Table 3. Merging and refinement statistics for each integration method.

Numbers in parentheses represent the value in the highest-resolution shell. Peaks included are integrated using model 1 in Table 1 considering only peaks with I/σ > 1 for the neural network, profile fitting and k-NN to 1.80 Å.

Neutron unit-cell parameters (Å, °) a = b = 73.3, c = 99.0, α = β = 90, γ = 120
Space group P3221
No. of orientations 5
No. of unique reflections 25 910 (2169)
Resolution range (Å) 13.97–1.80 (1.86–1.80)
Multiplicity 3.42 (2.29)
Completeness (%) 88.65 (75.31)
  Neural network Profile fitting k-NN Spherical
Mean I 11.5 (4.0) 13.3 (3.7) 9.2 (3.1) 8.4 (3.0)
R merge (%) 12.9 (26.5) 13.7 (22.2) 21.7 (31.2) 25.4 (52.2)
R pim (%) 7.1 (17.0) 7.5 (14.3) 12.0 (20.4) 14.0 (34.6)
CC1/2 0.976 (0.745) 0.974 (0.754) 0.923 (0.505) 0.928 (0.089)
 
Refinement statistics
R work 0.1666 0.1654 0.1801 0.2013
R free 0.2008 0.2029 0.2230 0.2605

A convenient way to visualize the effect of integration on intensity statistics is to look at the CDFs of resolution-normalized intensities, N(z). Fig. 4 shows the CDFs for the peak set in Tables 2 and 3. Spherical integration is also shown for comparison. Consistent with the ratios of moments in Table 2, the X-ray CDFs agree almost perfectly with the ideal crystal prediction. For the acentric N(z), integration using the neural network shows better agreement with the X-ray and ideal crystal prediction distributions. Similarly, the centric CDF shows that the neural network yields the best statistics, though no integration technique reproduces the distribution exactly. Finally, the CDF for |L| is best matched again by the neural network. We note that, of the presented integration methods, the neural network is the only approach to yield a linear CDF as expected [N(|L|) = |L|; see supporting information].

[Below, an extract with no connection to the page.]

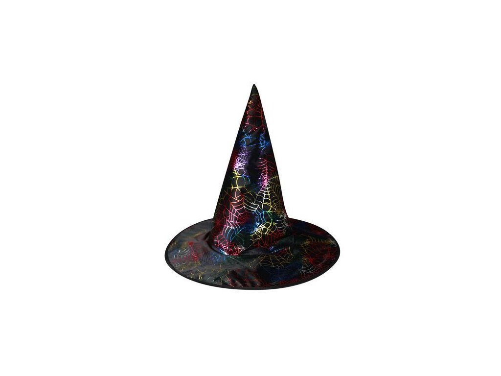 Kouzelný klobouk černé barvy zdoben barevnými magickými pavučinkami. Tento klobouk je určen pro dospělé a je ideální na čarodějnickou nebo halloweenskou oslavu.Doplňkové parametry

Imposing I/σ > 1 for the three integration methods (not spherical) is convenient to directly compare integration methods using the exact same peaks. It may, however, dampen the improvements neural network integration can provide by removing peaks that the neural network can successfully integrate and other techniques cannot. The same statistics are presented in Fig. 4 (dashed lines) and Tables S1 and S2 for peak sets for which I/σ > 1 for a single integration method. These data are presented to 1.65 Å since the completeness for each integration method is above 75%. Overall, the acentric CDF for the neural network and k-NN integration do not change with the inclusion of more peaks, while profile fitting and spherical integration agree less with the expected distributions. Furthermore, the centric CDF for the neural network improves with the inclusion of all peaks with I/σ > 1 to 1.65 Å. Finally, the CDF for |L| is unchanged for the machine learning methods, while it shows worse agreement for spherical integration and profile fitting. Intensity moment ratios and L statistics are not affected much by the peak selection scheme (Table S2). The notable exception is the CDF for centric peaks using neural network integration, which shows much better agreement with the X-ray and predicted CDFs. Note also that there are more peaks with I/σ > 1 using neural network integration than for the profile fitted data sets or k-NN integration (Table S1), demonstrating the potential for machine learning to increase the completeness of neutron data sets. Spherical integration results in the highest data completeness, but those peaks demonstrate poor intensity and merging statistics, suggesting that they are not accurately integrated.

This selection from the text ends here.